# How to Read Large Dataset
![Big+Data+Solutions+-+Alliance+Technology+Group.png](attachment:Big+Data+Solutions+-+Alliance+Technology+Group.png)


When you need to read large dataset which has size greater than RAM, your system will run out of RAM while reading such a huge amount of data, and this also might lead to kernel shutdown in notebook or system crash.

Python data scientists often use Pandas for working with tables. While Pandas is perfect for small to medium-sized datasets, larger ones are problematic.

In this kernel, I show how to deal with large datasets using other techniques

* [1-Pandas](#1)
* [2-Dask](#2)
* [3-Datatable](#3)
* [4-Rapids](#4)



<a id="1"></a>
# 1-Pandas

Pandas provides data structures for in-memory analytics, which makes using pandas to analyze datasets that are larger than memory datasets somewhat tricky. Even datasets that are a sizable fraction of memory become unwieldy, as some pandas operations need to make intermediate copies.

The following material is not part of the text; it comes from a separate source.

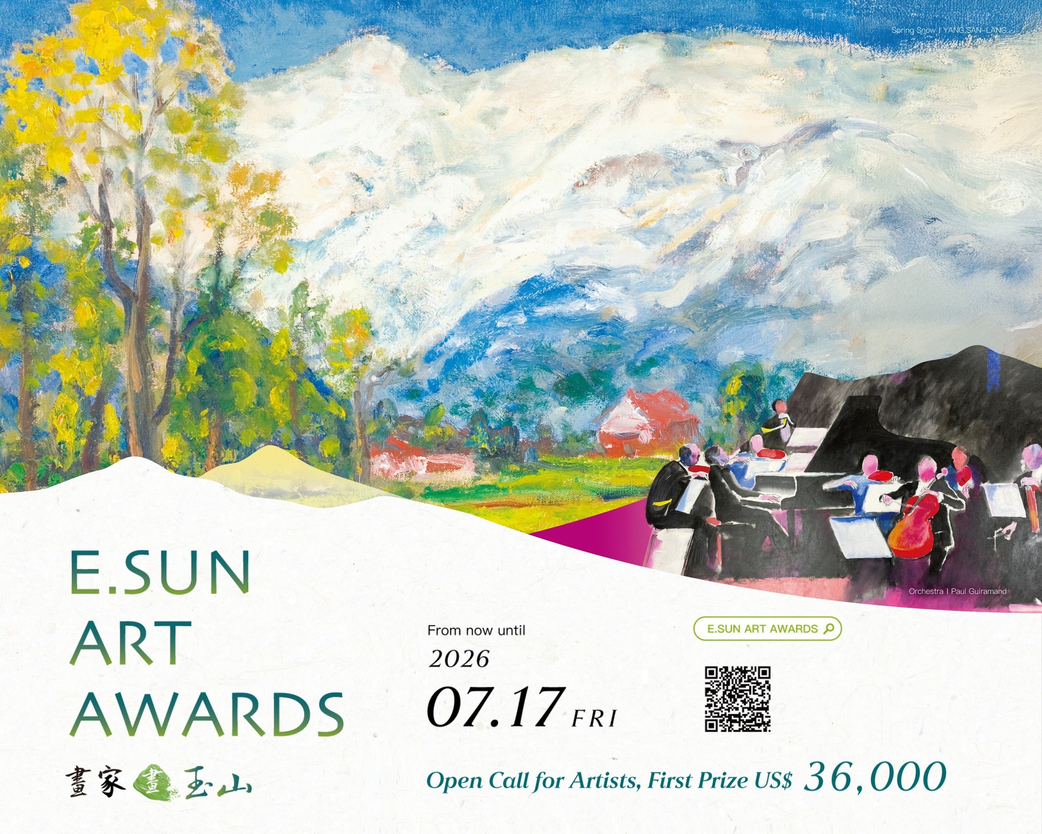 一、本著熱愛家園的情懷,玉山銀行用心推廣藝術與人文,特別籌辦2026「畫家畫玉山」活動,邀請國內外熱愛繪畫的藝術人士及學生踴躍報名,期盼透過藝術家創意與動人的彩筆,彩繪玉山與音樂人文之美,為厚植藝術創作人才盡一份心力。

This document ([Scaling to large datasets](https://pandas.pydata.org/pandas-docs/stable/user_guide/scale.html)) provides a few recommendations for scaling your analysis to larger datasets. It’s a complement to Enhancing performance, which focuses on speeding up analysis for datasets that fit in memory.



Reference: https://pandas.pydata.org/docs/

In [None]:
import pandas as pd

In [None]:
%%time
train1 = pd.read_csv("../input/jane-street-market-prediction/train.csv")
print("Data size:", train1.shape)

In [None]:
train1.head(5)

In [None]:
del(train1)

<a id="2"></a>
# 2-Dask

A Dask DataFrame is a large parallel DataFrame composed of many smaller Pandas DataFrames, split along the index. These Pandas DataFrames may live on disk for larger-than-memory computing on a single machine, or on many different machines in a cluster. One Dask DataFrame operation triggers many operations on the constituent Pandas DataFrames

## When Dask is  the best choice?
* Manipulating large datasets, even when those datasets don’t fit in memory
* Accelerating long computations by using many cores
* Distributed computing on large datasets with standard Pandas operations like groupby, join, and time series computations

## When Dask DataFrame may not be the best choice?
* If your dataset fits comfortably into RAM on your laptop, then you may be better off just using Pandas. There may be simpler ways to improve performance than through parallelism
* If your dataset doesn’t fit neatly into the Pandas tabular model, then you might find more use in dask.bag or dask.array
* If you need functions that are not implemented in Dask DataFrame, then you might want to look at dask.delayed which offers more flexibility
* If you need a proper database with all that databases offer you might prefer something like Postgres

Reference: https://docs.dask.org/en/latest/

In [None]:
import dask.dataframe as dd

In [None]:
%%time
train2 = dd.read_csv("../input/jane-street-market-prediction/train.csv").compute()
print("Data size:", train2.shape)

In [None]:
train2.head(5)

In [None]:
del(train2)

<a id="3"></a>
# 3-Datatable
The Datatable is a python library for manipulating tabular data.  It is super fast, much faster than pandas and has the ability to work with out-of-memory datasets, multi-threaded data processing, and flexible API.for its performance, it is on path to become a must-use package for data manipulation in python.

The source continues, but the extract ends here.